▶ Assigned task
Every record below should be repeated exactly. Omit the pictures.

▶ Items listed in a dataset
______
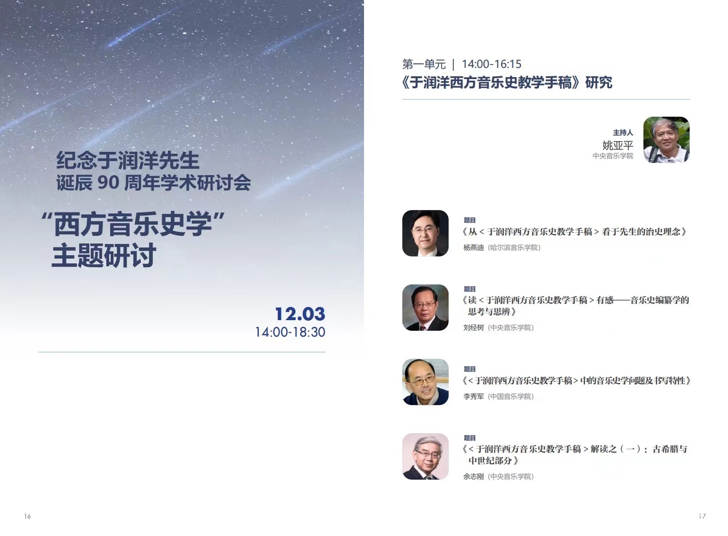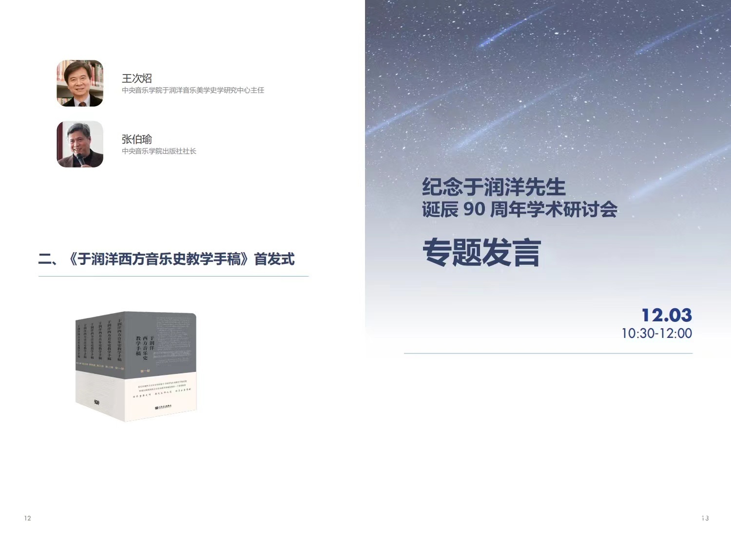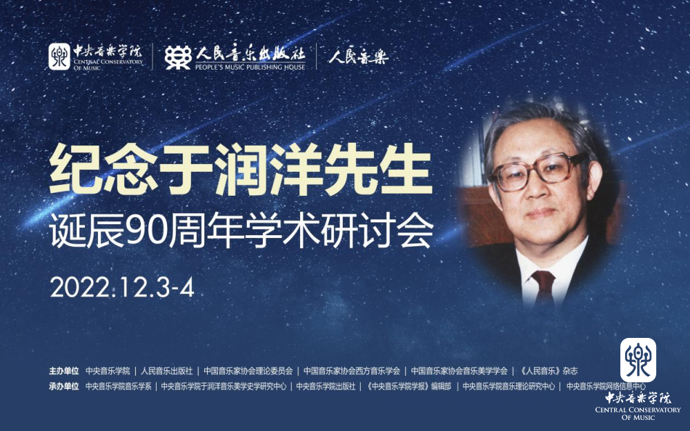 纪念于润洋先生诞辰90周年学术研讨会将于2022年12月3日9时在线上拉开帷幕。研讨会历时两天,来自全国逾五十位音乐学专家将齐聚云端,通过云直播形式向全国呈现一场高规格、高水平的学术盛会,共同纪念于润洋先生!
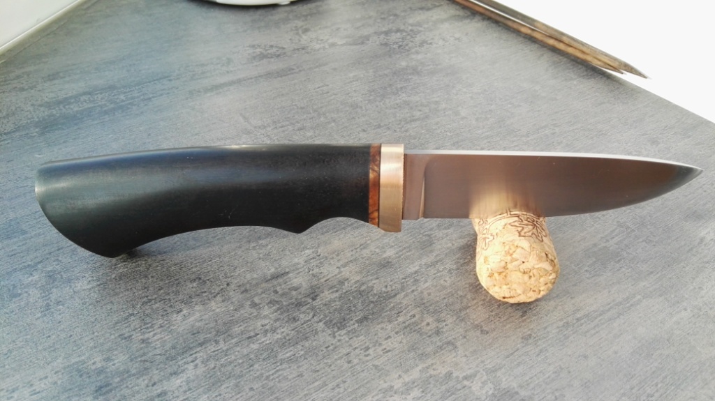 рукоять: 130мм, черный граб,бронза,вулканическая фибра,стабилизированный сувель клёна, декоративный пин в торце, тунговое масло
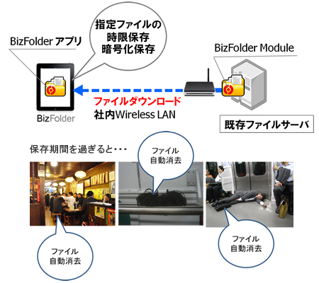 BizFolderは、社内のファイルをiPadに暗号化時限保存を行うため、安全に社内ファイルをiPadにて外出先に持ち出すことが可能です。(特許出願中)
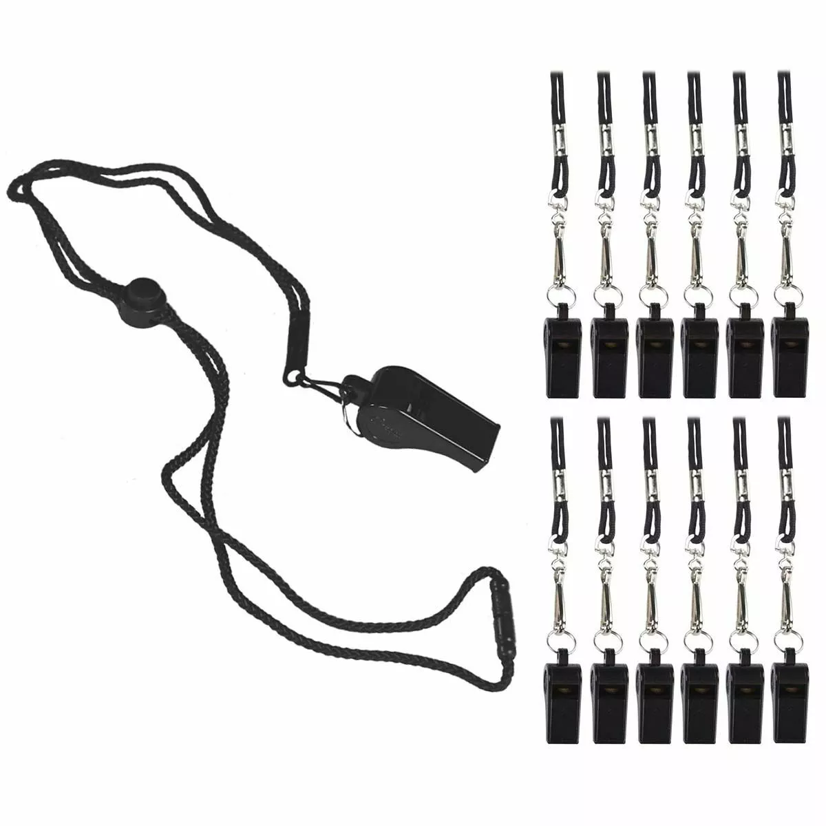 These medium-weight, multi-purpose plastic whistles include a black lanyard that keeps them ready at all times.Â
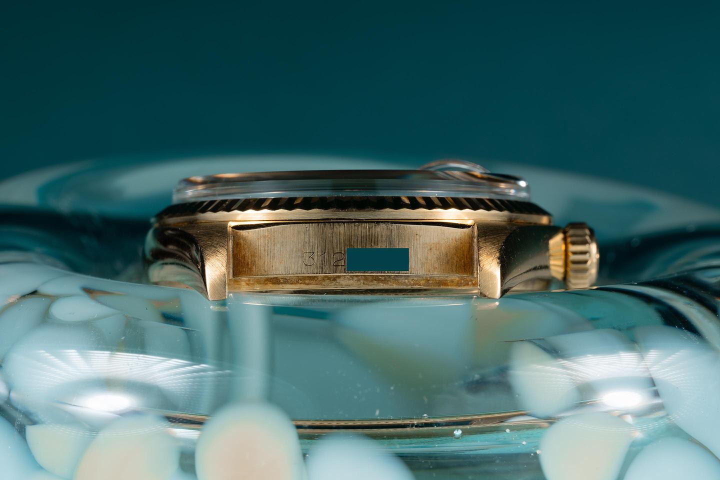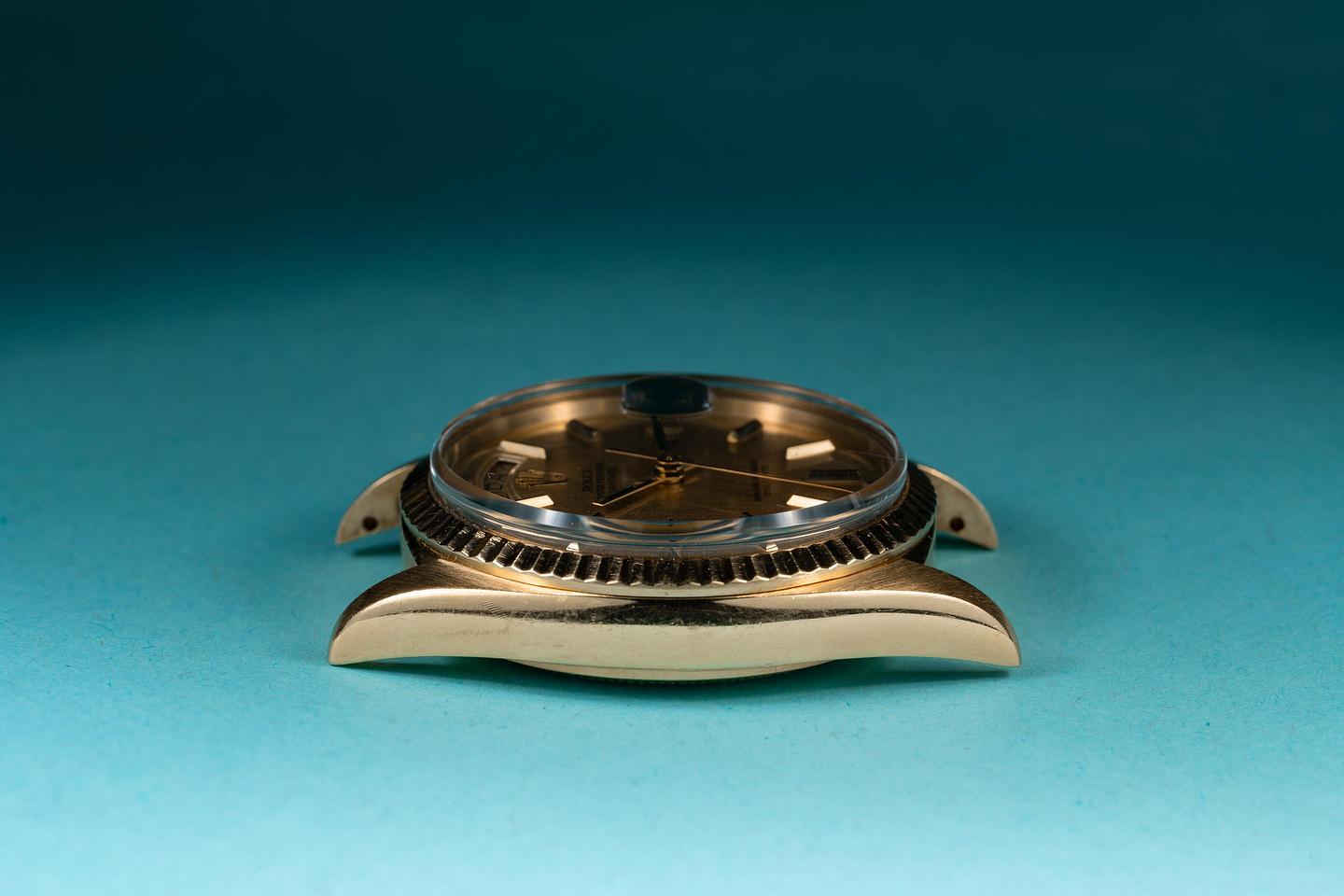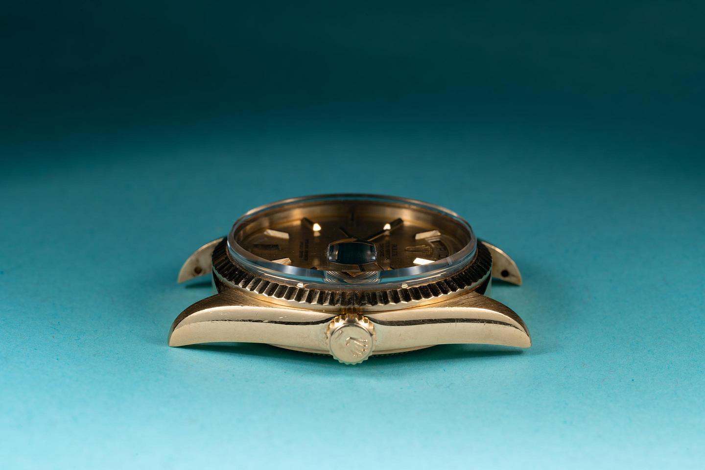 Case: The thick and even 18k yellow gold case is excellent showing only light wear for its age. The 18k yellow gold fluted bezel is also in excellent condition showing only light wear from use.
______
▶ Your response
 纪念于润洋先生诞辰90周年学术研讨会将于2022年12月3日9时在线上拉开帷幕。研讨会历时两天,来自全国逾五十位音乐学专家将齐聚云端,通过云直播形式向全国呈现一场高规格、高水平的学术盛会,共同纪念于润洋先生!
 рукоять: 130мм, черный граб,бронза,вулканическая фибра,стабилизированный сувель клёна, декоративный пин в торце, тунговое масло
 BizFolderは、社内のファイルをiPadに暗号化時限保存を行うため、安全に社内ファイルをiPadにて外出先に持ち出すことが可能です。(特許出願中)
 These medium-weight, multi-purpose plastic whistles include a black lanyard that keeps them ready at all times.Â
 Case: The thick and even 18k yellow gold case is excellent showing only light wear for its age. The 18k yellow gold fluted bezel is also in excellent condition showing only light wear from use.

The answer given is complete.